Ohio

Eye on Education

How Cold Can an Ohio Classroom Get?

Natalia Kolesnikova / AFP/Getty Images

When I was a kid, we walked to school through 10-foot snowdrifts and sat in unheated classrooms with freezing wind whipping through cracks in the log cabin walls. And we learned, dammit.

But kids these days: Turn off the heat for a single day and you’ll never hear the end of it.

That’s what’s happening in Xenia in western Ohio where one day without heat at a middle school has parents threatening to keep their children out of school. One parent told the local TV station  ”My daughter will not be going to school tomorrow unless the issue is fixed.”

Preschool classes are also held at the middle school. Another parent said: “My child told me he had two coats on and was still cold and he has health issues so I would have preferred that my child wasn’t sitting [in] a school without heat.”
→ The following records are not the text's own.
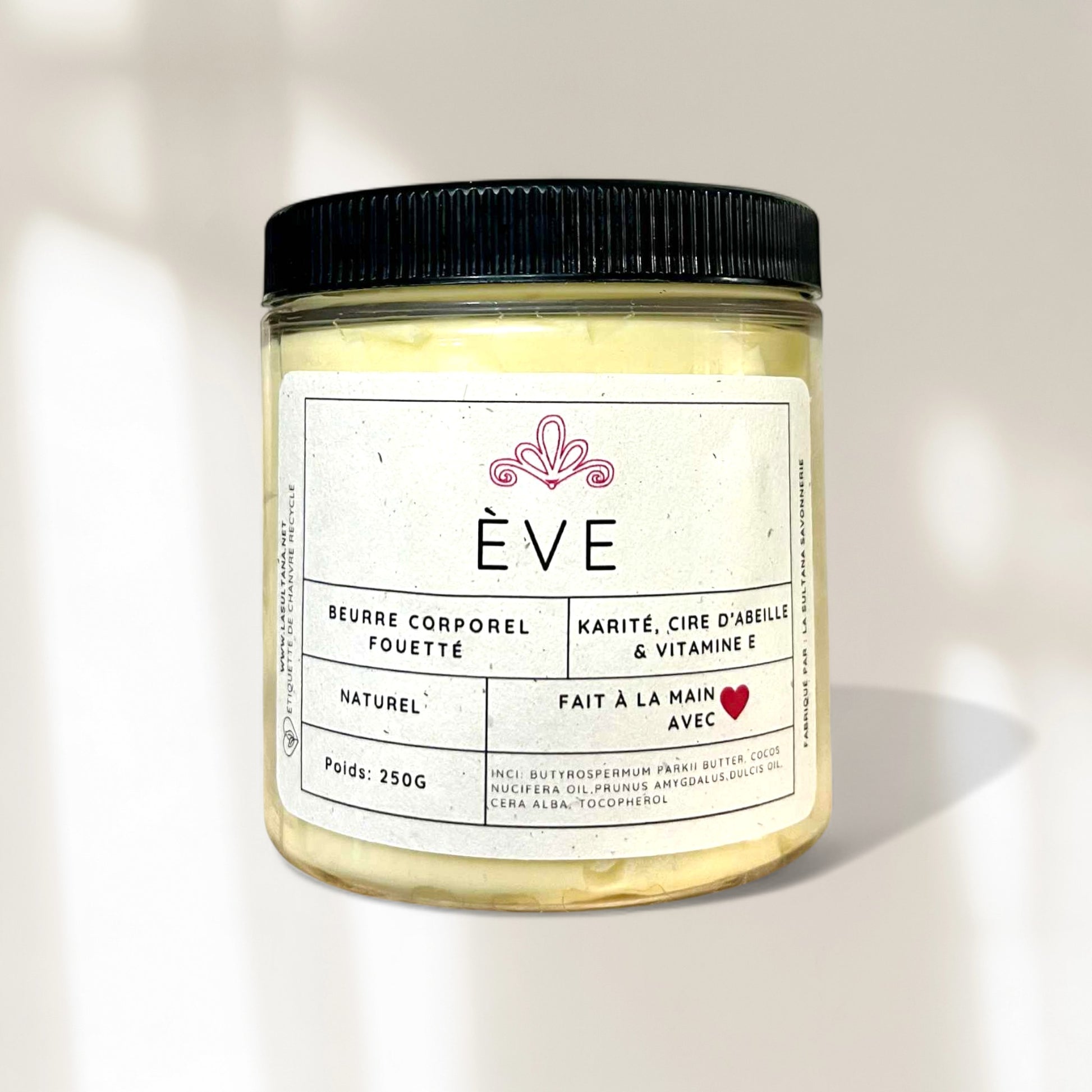 Le beurre corporel fouetté naturel et artisanal au karité Eve est un véritable élixir! Il hydrate, lisse et régénère votre peau.
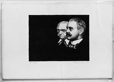 Frimärksförlaga till frimärket "Nobelpristagarna 1902", utgivet 10/12 1962. Originalteckningar utförda av Stig Åsberg (1909 - ). (I Postmusei samlingar). Nobelpristagarna Mommsen och Ross. Blyerts. 23,8 x 34,8 (14,4, x 19)
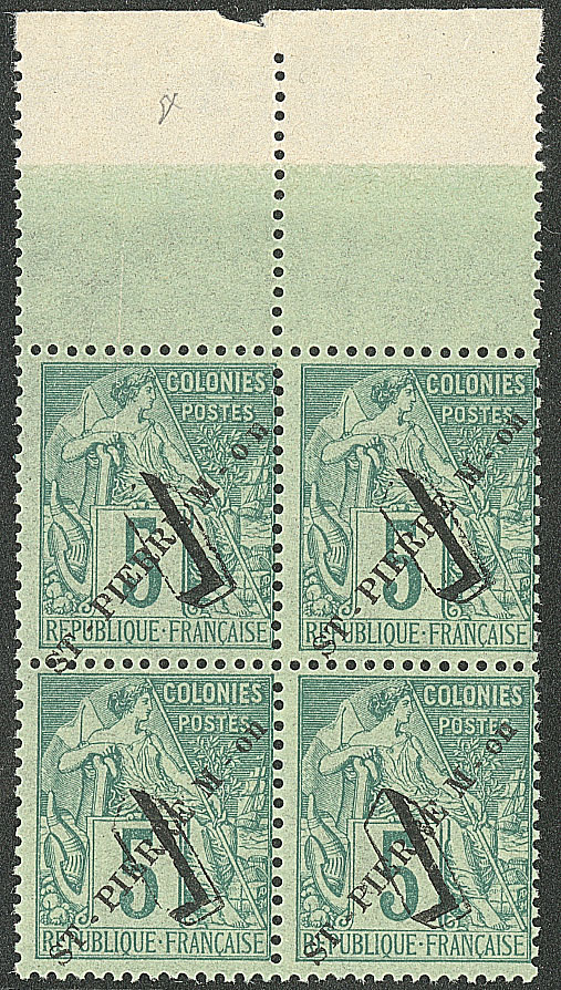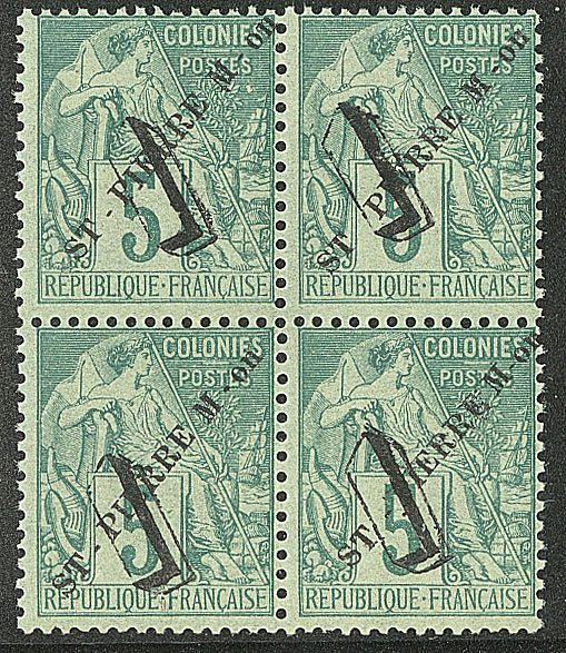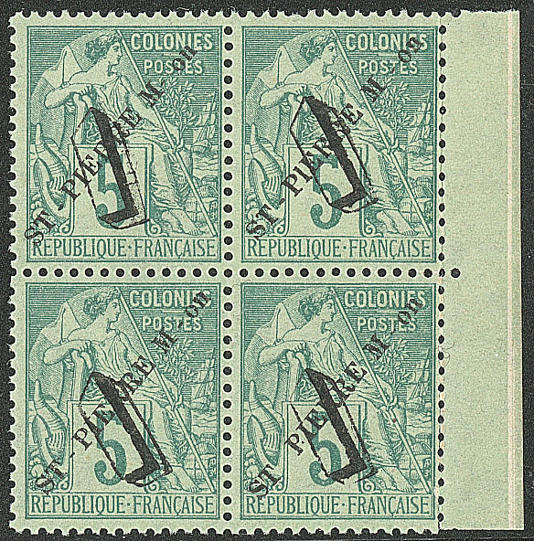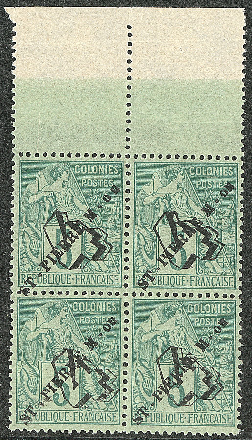 SAINT-PIERRE-ET-MIQUELON. ** Sans tiret après "M". No 45d (case 50), tenant à normaux dans un bloc de quatre bdf. - TB (cote Yvert : 845€) (Image)
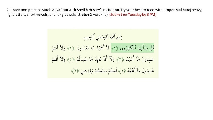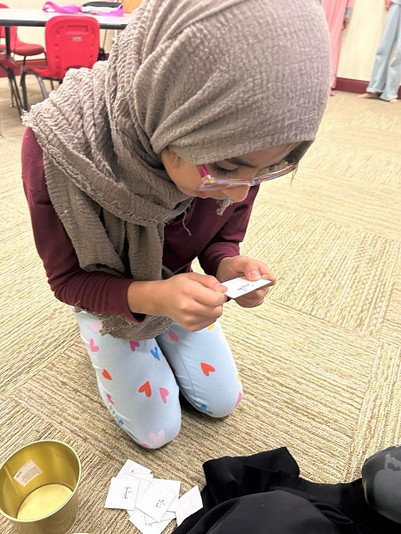 We revised reciting Quranic words with Long Vowels Alif Maddi, Wow Maddi, and Ya Maddi. We played a few games to practice the words. MashaAllah, the kids are progressing well. Very soon, I’ll have them start reciting from the Quran.
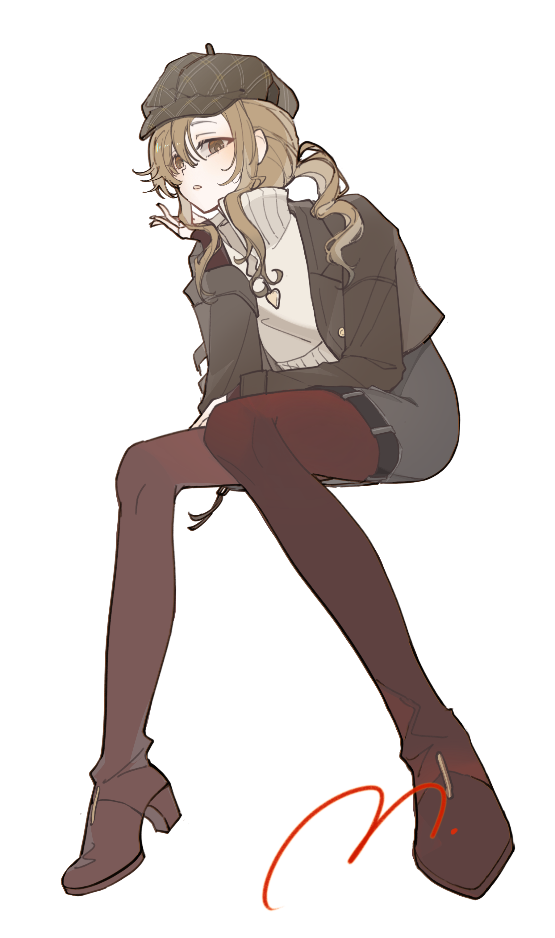 1girl :o absurdres arm_on_thigh brown_eyes brown_hair brown_hat brown_jacket newsboy_cap full_body grey_skirt hand_up hat highres invisible_chair jacket long_hair long_sleeves looking_at_viewer melania_(reverse:1999) miniskirt open_clothes open_jacket pantyhose pencil_skirt ponytail red_footwear red_pantyhose reverse:1999 sitting skirt solo sweater tansuangai_fenmo turtleneck turtleneck_sweater white_background white_sweater

And in central Ohio, the Eastland and Fairfield career centers are closed today because of a lack of heat.

Ohio leaves decisions about whether it’s too cool for school up to local districts. Beyond requiring that school buildings are “approved for children to be in,” the state stays out of it, an Ohio Department of Education spokesperson said. Parents who are concerned about their schools’ classroom temperature can contact the local zoning commission for the county or city, he said.

However, many Ohio teachers’ union contracts specify acceptable classroom temperatures. In Cleveland, for example, temperatures are supposed to be between 60 and 90 degrees.